<<<<
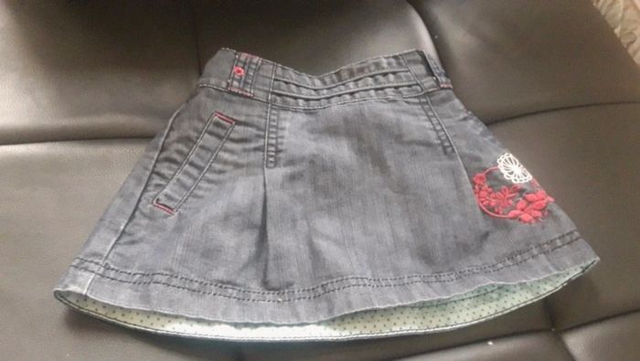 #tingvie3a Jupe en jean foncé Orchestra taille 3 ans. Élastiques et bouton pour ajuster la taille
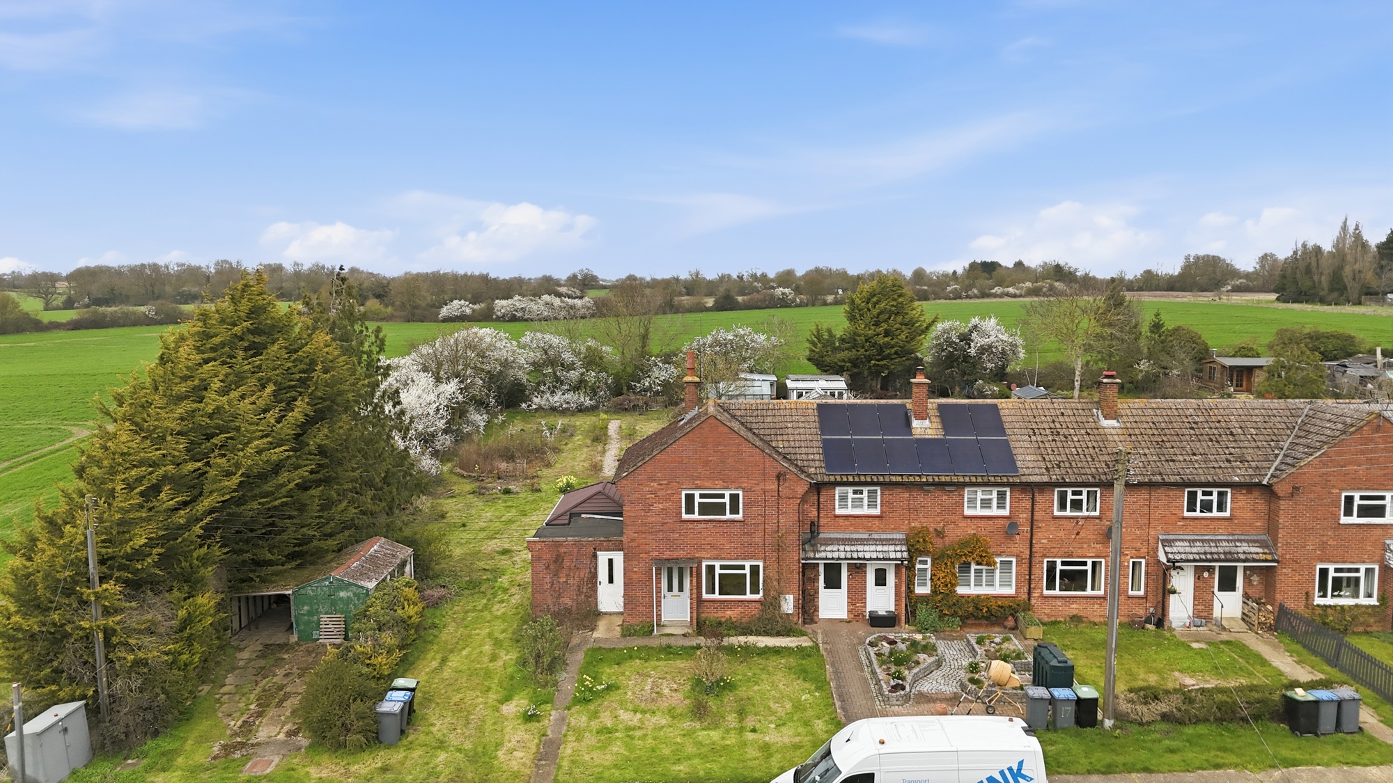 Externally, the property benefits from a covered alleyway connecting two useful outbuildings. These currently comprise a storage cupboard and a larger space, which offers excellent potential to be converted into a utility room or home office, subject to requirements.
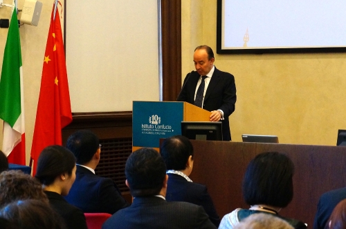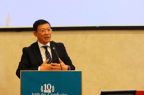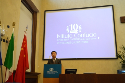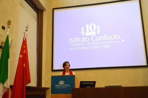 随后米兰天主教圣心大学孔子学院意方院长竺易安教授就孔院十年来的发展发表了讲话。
>>>>
* WORK TO COMPLETE: Please copy the lines above exactly as written, apart from any pictures.

* RESULT:
 #tingvie3a Jupe en jean foncé Orchestra taille 3 ans. Élastiques et bouton pour ajuster la taille
 Externally, the property benefits from a covered alleyway connecting two useful outbuildings. These currently comprise a storage cupboard and a larger space, which offers excellent potential to be converted into a utility room or home office, subject to requirements.
 随后米兰天主教圣心大学孔子学院意方院长竺易安教授就孔院十年来的发展发表了讲话。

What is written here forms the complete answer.